(Collected data)
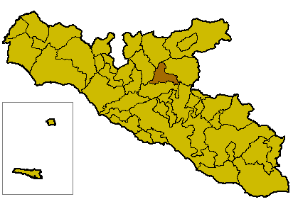 Locator map of San Biagio Platani (italy)
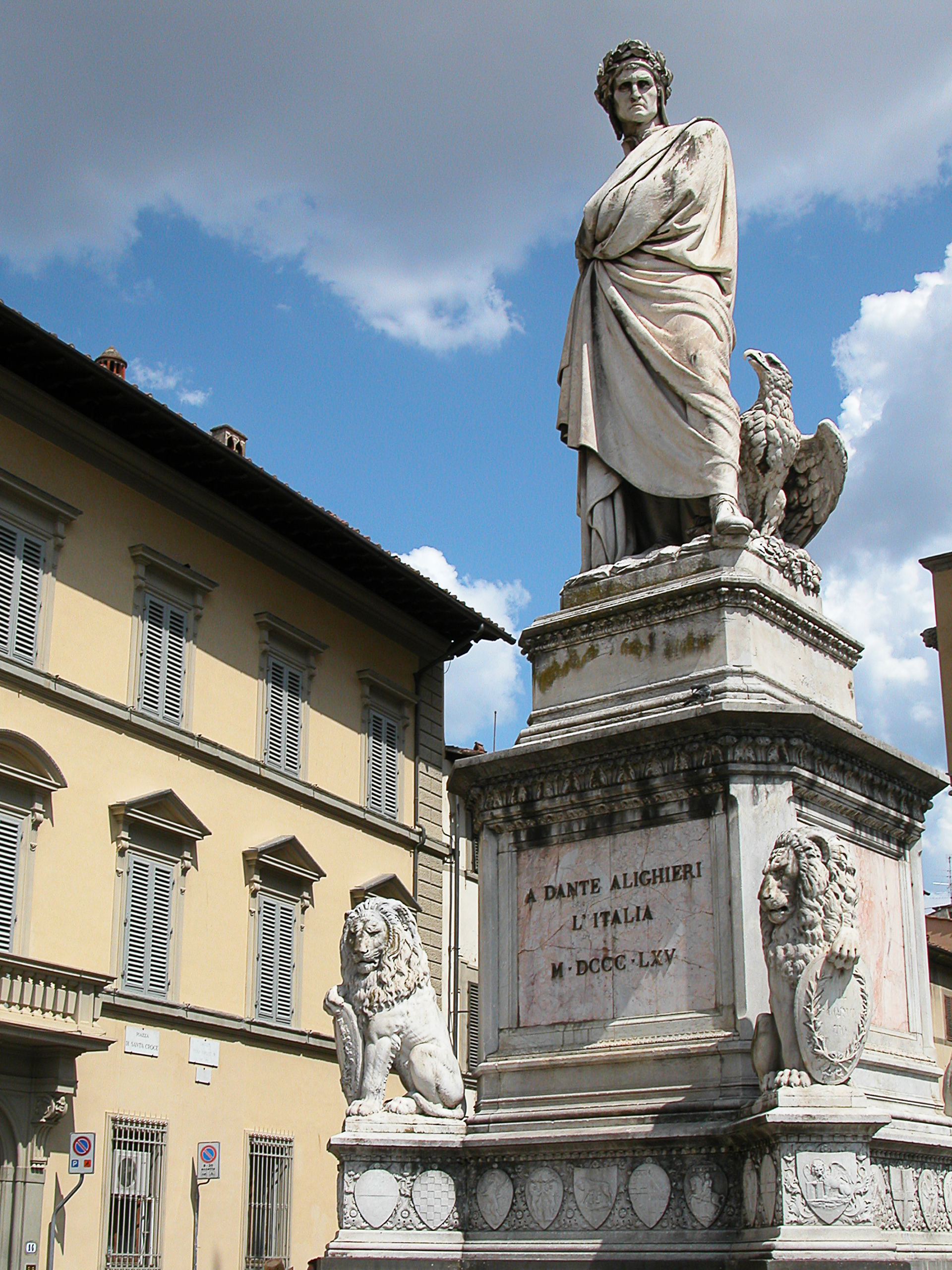 Statue of Dante, near Santa Croce church, Florence
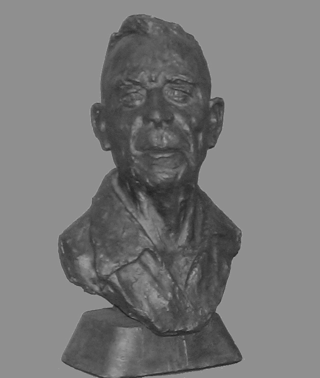 Bust of the Dimitrij Andrusov, Slovak geologist of Russian origin (1897-1976), in the Natural sciences faculty of the Comenius University Bratislava.
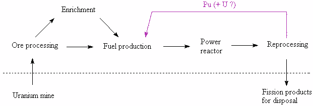 Nuclear fuel cycle with Pu reuse
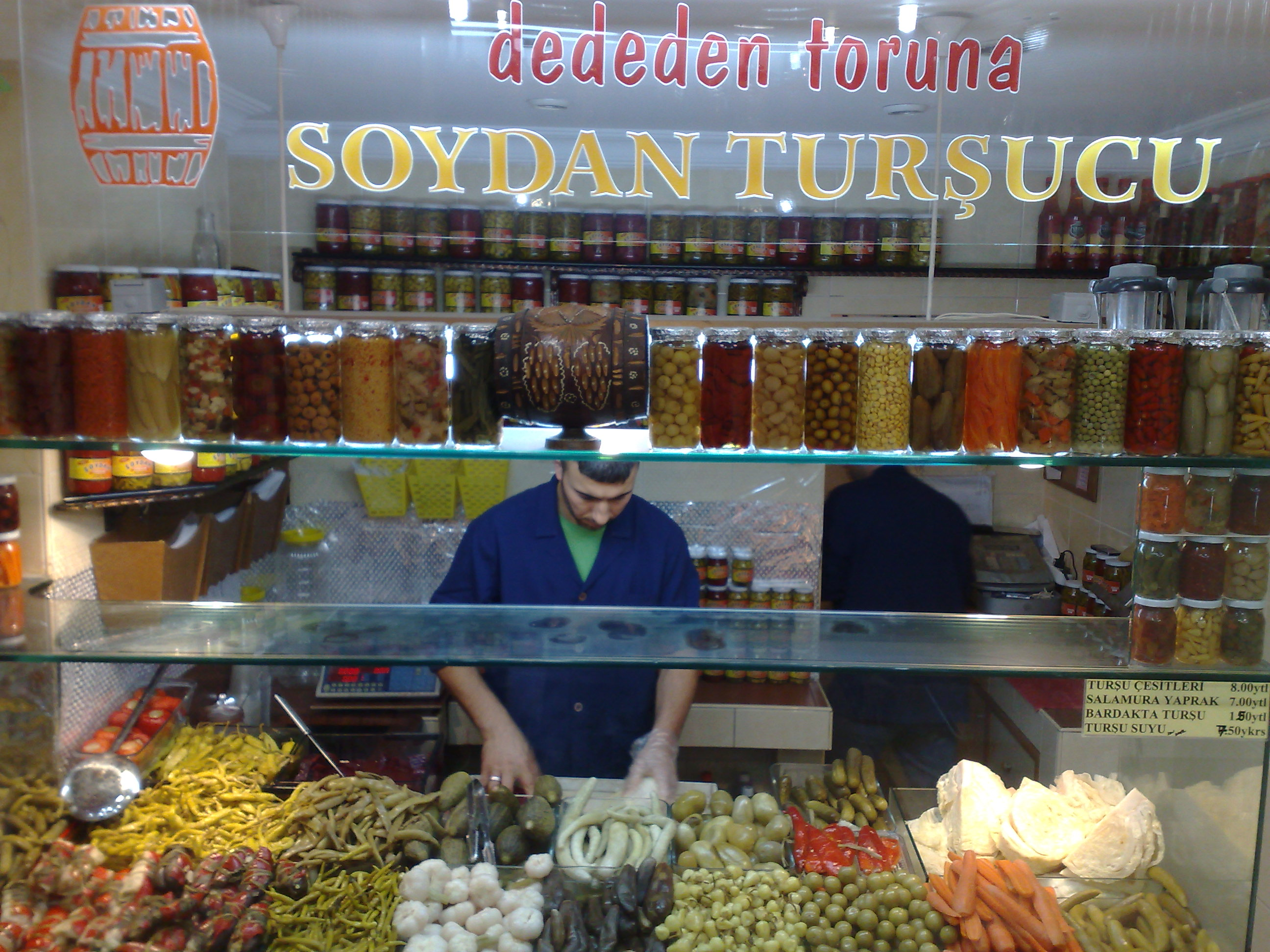 Pickled vegetables display
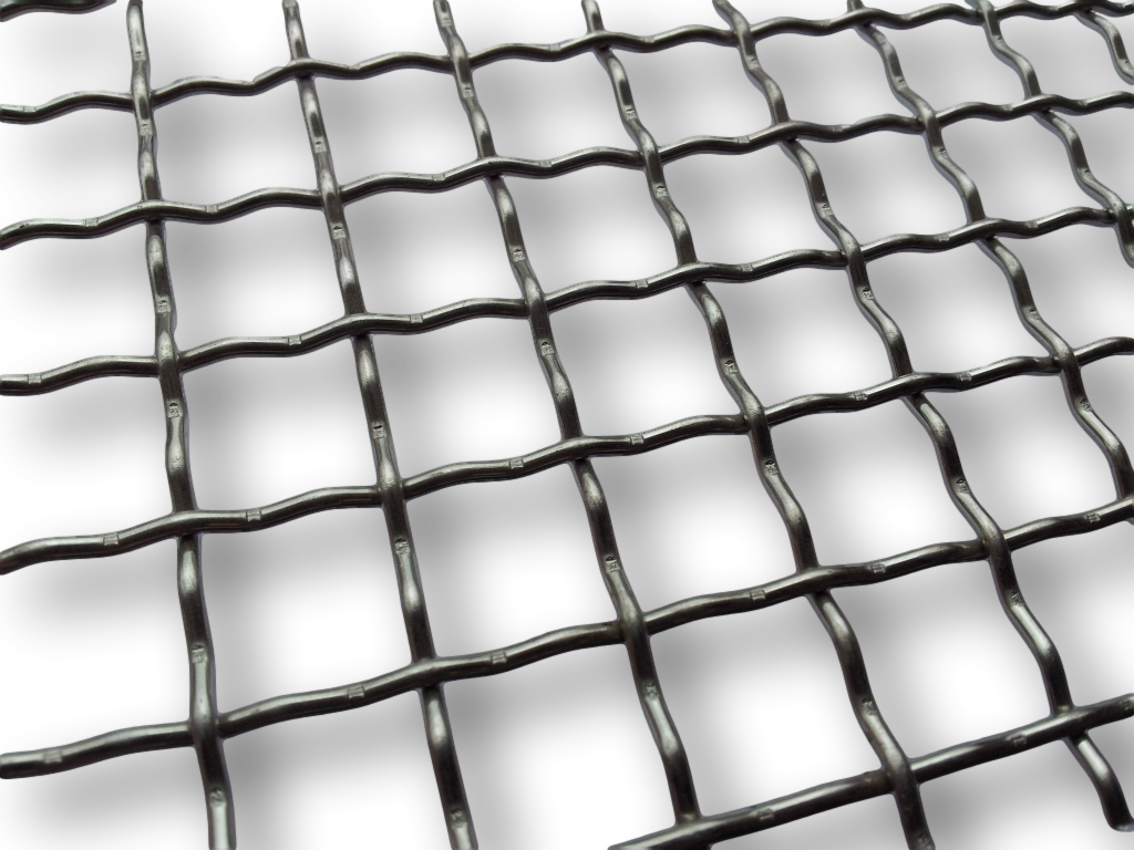 Photograph of a '2 mesh' woven from stainless steel and having an intermediate crimp.

» Activity: The output must be every line of the records, printed exactly, with the pictures omitted.

» Response to the exercise:
 Locator map of San Biagio Platani (italy)
 Statue of Dante, near Santa Croce church, Florence
 Bust of the Dimitrij Andrusov, Slovak geologist of Russian origin (1897-1976), in the Natural sciences faculty of the Comenius University Bratislava.
 Nuclear fuel cycle with Pu reuse
 Pickled vegetables display
 Photograph of a '2 mesh' woven from stainless steel and having an intermediate crimp.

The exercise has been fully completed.